Hadits Arba’in Nawawi ke-23
Dari Abu Malik Al-Harits bin ‘Ashim Al-Asy’ari radhiyallahu ‘anhu, ia berkata, “Rasulullah ﷺ bersabda, ‘Bersuci itu sebagian dari iman, ucapan alhamdulillah (segala puji bagi Allah) itu memenuhi timbangan. Ucapan subhanallah (Maha suci Allah) dan alhamdulillah (segala puji bagi Allah), keduanya memenuhi antara langit dan bumi. Shalat adalah cahaya, sedekah adalah bukti nyata, kesabaran adalah sinar, Al-Qur’an adalah hujjah yang membelamu atau hujjah yang menuntutmu. Setiap manusia berbuat, seakan-akan ia menjual dirinya, ada yang memerdekakan dirinya sendiri, ada juga yang membinasakan dirinya sendiri.’” [HR. Muslim, no. 223]
Bersuci Sebagian dari Iman
Sebagian ulama memberikan sebagian penafsiran yaitu bersuci yang dimaksud adalah meninggalkan dosa-dosa (yang menjadikan ia suci di hadapan Allah), bukan hanya bersuci dari hadats kecil atau besar. Karena dia menjaga kesucian dirinya.
Bukankah Allah menyatakan dalam QS. Asy-Syams,
فَأَلْهَمَهَا فُجُورَهَا وَتَقْوَاهَا [٨]
8. maka Dia mengilhamkan kepadanya (jalan) kejahatan dan ketakwaannya,
Allah ilhamkan pada tiap jiwa mempunyai potensi untuk menjadi orang yang jahat dan potensi menjadi orang yang bertakwa, tetapi Allah katakan…
قَدْ أَفْلَحَ مَن زَكَّاهَا [٩]
9. sungguh beruntung orang yang menyucikannya (jiwa itu),
yaitu orang yang membersihkan jiwanya dari hal-hal yang kotor, dari dosa dan kemaksiatan…
وَقَدْ خَابَ مَن دَسَّاهَا [١٠]
10. dan sungguh rugi orang yang mengotorinya.
yaitu orang yang mengotori jiwanya dari dosa dan kemaksiatan
Jadi, yang dimaksud bersuci di sini adalah membersihkan diri dari dosa dan kemaksiatan.
Ketika orang memiliki kemampuan untuk menjauhkan jiwanya dari kemaksiatan dan dosa, maka orang tersebut memiliki separuh keimanan dalam dirinya.
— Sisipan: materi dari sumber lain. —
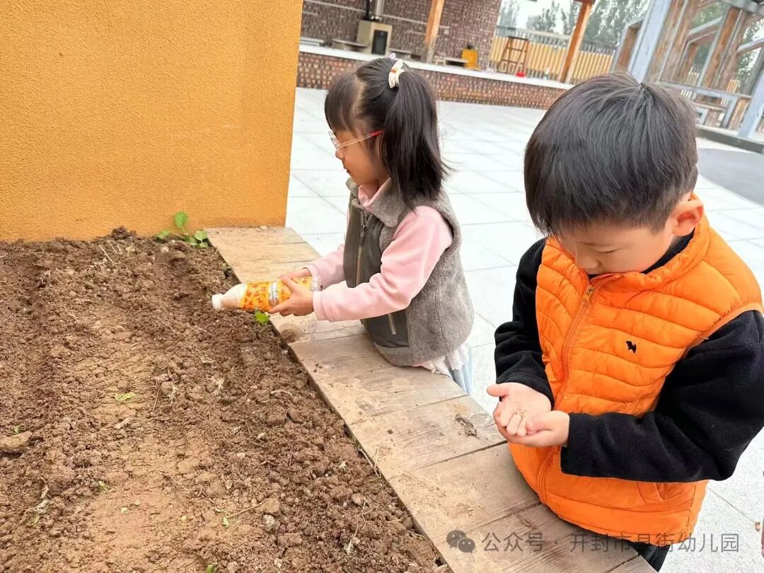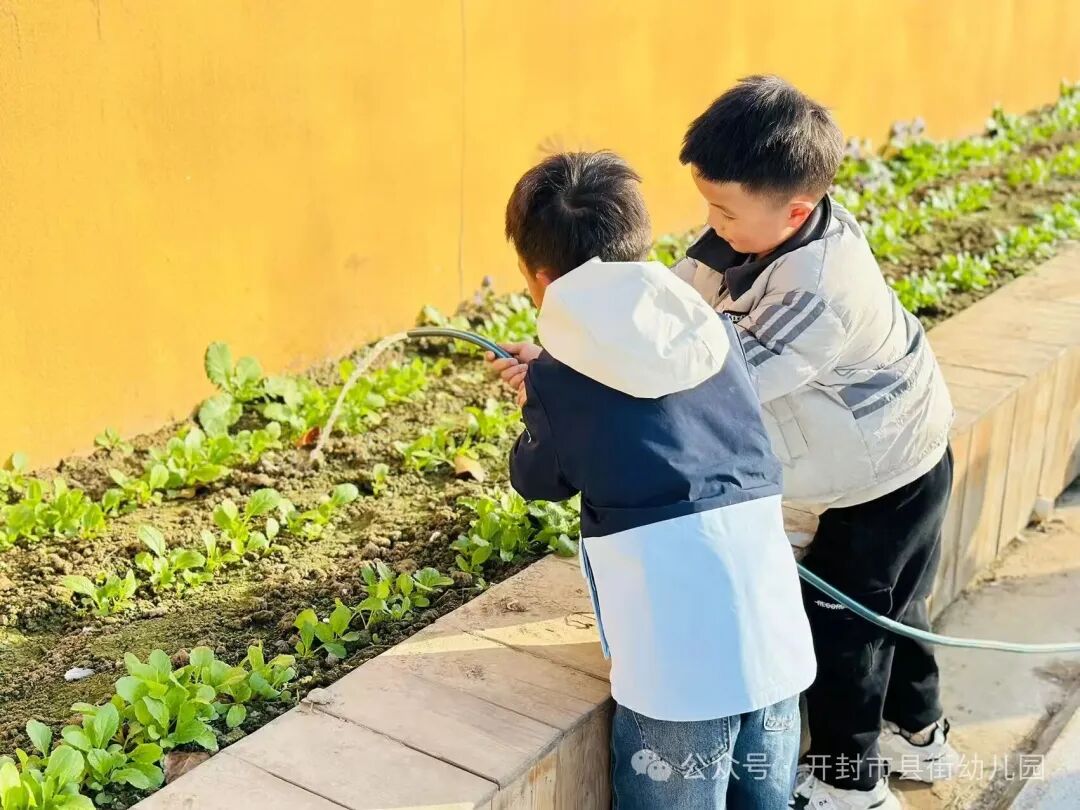 寶貝們翻土點(diǎn)種,輕蓋薄土,親手播下油菜種子;每日扶著小水管慢澆根部,溫柔叮囑油菜快快長(zhǎng)大,一手一澆間,藏著認(rèn)真的勞動(dòng)模樣,細(xì)心呵護(hù)每一顆嫩芽,既播下生長(zhǎng)的希望,也藏著對(duì)生命的期許。

Tinggal separuhnya kita sempurnakan dengan menjalankan perintah-perintah.
Ada sebuah ungkapan ketika Nabi Luth diutus pada suatu umat di suatu wilayah Sadum, Nabi Luth memberikan nasihat kepada kaumnya karena mereka melakukan penyimpangan seksual. Ketika Nabi Luth mengajak mereka untuk melampiaskan seksnya dengan cara yang dibenarkan oleh Allah, mereka mengatakan, “…sesungguhnya mereka adalah orang-orang yang (menganggap dirinya) suci.” (QS. An-Naml: 56)
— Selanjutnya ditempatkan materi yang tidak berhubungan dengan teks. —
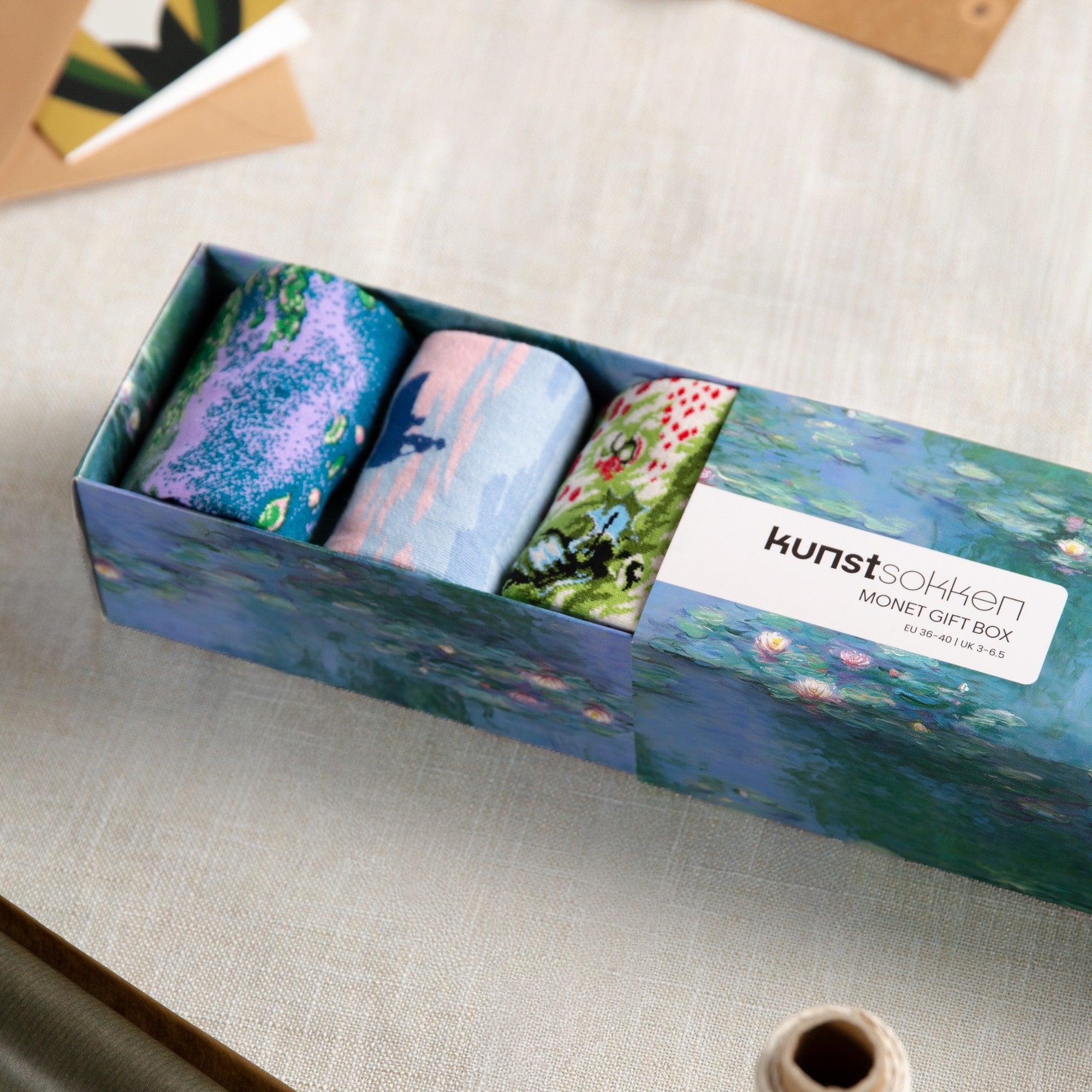 Die Verpackung wurde zu Ehren von Monets Kunst entworfen und hat raffinierte Details, die die Socken wunderbar ergänzen.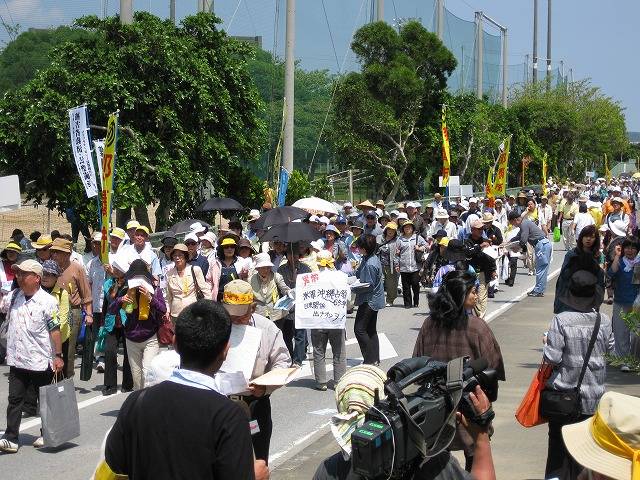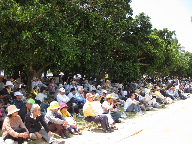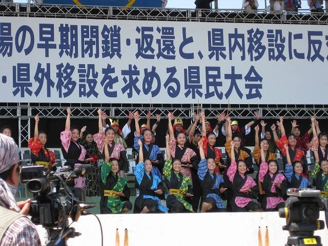 *以下のレポートは4/26に寄せられましたものです。編集部のメールトラブルで入稿漏れとなり、掲載が大変遅れたことを筆者にお詫びします。(編集部) 写真↓「つくろう平和な未来。伝えよう沖縄の心」。現代版組踊「肝高の阿麻和利」を演じるうるま市の中高生ら。 現地からのレポート(続報) 我謝 香織 「えー、人がでーじ、いっぱい(おい、人が本当にたくさんいる)。これから先、ここにこんなに人がいるってないあんに?(これから先、こんなに人がいるってないんじゃないか?)」「まじでや。読谷祭りの何倍か?(本当だな。祭りのときの何倍かな)」 4月25日、読谷村での県民大会が始まる前、広場の向かいにある建物の二階から人でいっぱいの広場の写真を撮っているとこんな会話が聴こえてきた。会話の主は2人の地元の男子高校生(だと思う)。坊主頭と毎日の部活で日焼けしている野球部員といった風情だった。 開会の二時間ほど前に会場には到着した。大会の開始は午後3時だったが、プレイベントが午後1時から始まっていた。沖縄は芸能の島。ステージでは地元の歌手が民謡やオペラ、ラップなどを歌った。地元の子供たちも空手の演武を披露した。トリを飾ったのは海上の埋め立て案が浮上しているうるま市の中高生らの現代版組踊「肝高の阿麻割和利」。地元勝連の英雄・阿麻和利が主人公の物語だ。最後に全員で「未来のために僕たちも頑張る。つくろう平和な未来、伝えよう沖縄の心」と声を合わせてメッセージを発信した。 「沖縄の基地は県民が望んだのではない。では誰が望んだものか。国民全体で安全保障の痛みを共有しないで日本国民一人一人は自立できるのか」 「復帰後に限っても米軍基地に起因する事件・事故は約6000件。2、3日に一度は沖縄のどこかで県民が巻き込まれている。憲法下での人権が保障されていない」 「小学校へのジェット機の墜落事故、原子力潜水艦の寄港など市民は危険と隣り合わせだ。新たな基地は容認できない」 「普天間基地の危険除去は絶対に必要だが、県内移設の条件付きでは永遠に解決できない。駐留していた国の8割で政権交代のあと、米軍は撤退している。米国もそれは分かっているはずだ」 「辺野古のおじい、おばあたちが14年間、頑張ってこのうねりをつくりだした。日本の民主主義を取り戻し、沖縄県民の人権を取り戻す戦いだ」 「埋め立てで補償をもらってもそれは一時のもの。海は枯れることのない湧水だ。豊かな海を残せば頑張った分、もうけさせてくれる。金をもらって埋め立てさせますか?!」 壇上で代表者らが決意表明をすると会場からは「やさ!(そうだ!)」との声や拍手が沸き起こる。代表者と会場に集まった参加者らが同じくするのは「子や孫、未来のために米軍基地の被害と負担を残さない」という気持ちだった。 「大会が終わったころにやっと会場に着いた」「バスに4時間、乗っていました」。大会翌日の今日(4月26日)、お昼を食べながら同僚らは話した。会場周辺は大会終了後も会場へ向かう人たちで大渋滞が起こっていた。「未来のために」と沖縄県民が一丸となり、普天間基地の県内移設にNO!を突き付けた大会。今後、どのような対応をするのか、日本政府、日本の民主主義が問われることになる。 ↓大会一時間前。参加者がぞくぞくと。 ↓日差しを避けて日陰で待機。 Created by staff01. Last modified on 2010-05-04 10:51:43 Copyright: Default | ||||||

Jadi.. Kalo kita gak ikut kebanyakan pemuda yang suka dengan hingar bingar yang mengundang kemaksiatan atau dosa, maka kita dianggap sok suci. Ketika ikut majelis, maka akan ada ucapan sok suci. Artinya… Jangan resah ketika kita melakukan kebaikan dan dikatakan sok suci, melainkan katakan, “saya belajar ingin menjadi orang suci.”
Karena orang yang bisa menjauhkan diri dari dosa dan kemaksiatan, maka itu pertanda ia punya iman.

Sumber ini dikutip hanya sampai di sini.